Тут в свою очередь кивнул и Михайлов. Симфония зазвучала в изложении двадцатичетырехструнной гитары. Это было божественно.
Вдруг мрамор под ними превратился в мягкий коверный ворс, и, оказалось, они идут босиком.
Вдруг небольшое облако окутало их, ковер ушел из-под ног, туман рассеялся, и они зависли в теплом воздухе, совершенно голые. Демонстрируя свою теннисную фигуру, Коваль мельком глянул на михайловские складки и оползни и пробормотал:
– Ну ничего, ничего…
– Это, что ли, невесомость? – суетливо дергая ногами, спросил Михайлов.
– Она самая. Привыкай, – сказал Коваль, широко взмахнул руками и плавно взмыл. Михайлов в космосе не был, но во сне летал и помнил это счастливое ощущение с необыкновенной достоверностью.

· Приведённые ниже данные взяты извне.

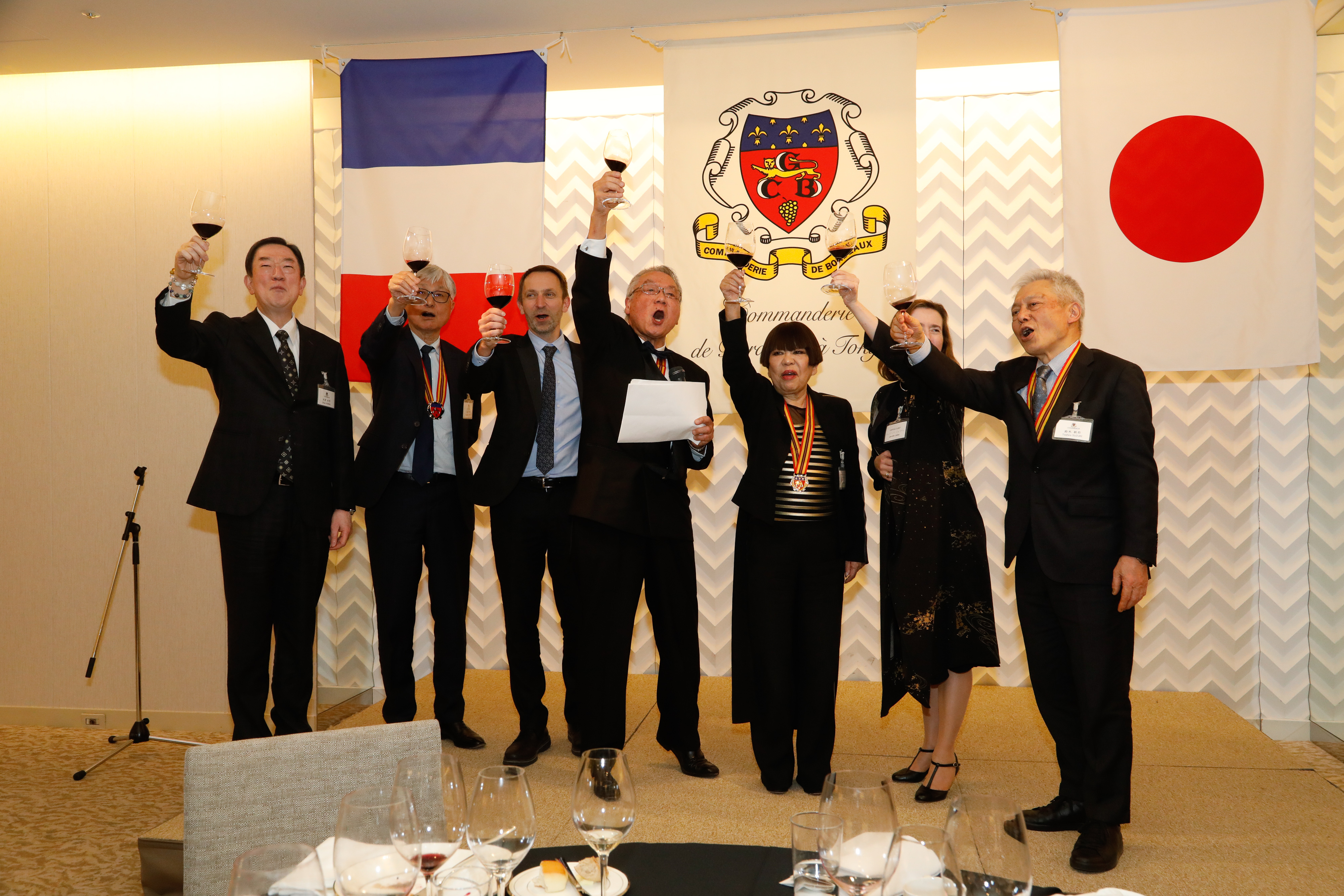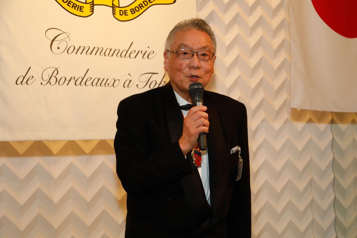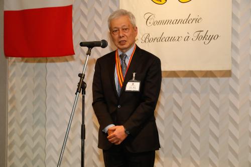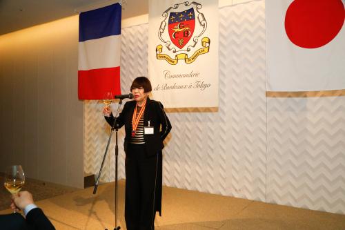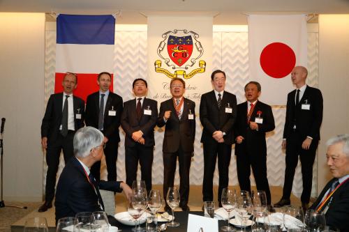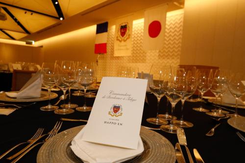 La soirée s’est poursuivie par le dîner annuel au cours duquel la Commanderie a eu le plaisir d’accueillir Mme Jennifer Julian, ambassadrice de Château Clinet, Mme Diane Hyatt, commandeur de San Diego (États-Unis), M. Guillaume Fleurie, conseiller agricole à l’ambassade de France au Japon, ainsi que Mme Junko Kosino, ambassadrice d’honneur des vins de Bordeaux.

А поскольку происходящее и так напоминало волшебный сон, он недолго думая, сложил крылышки ласточкой и нырнул в теплую туманную пустоту, а там, скользнув по дуге, уверенно взлетел к Ковалю, свободно парящему в пространстве.
– Это счастье! – восторгался Михайлов, выписывая вокруг друга вензеля и курбеты. – Но это не Сандуны.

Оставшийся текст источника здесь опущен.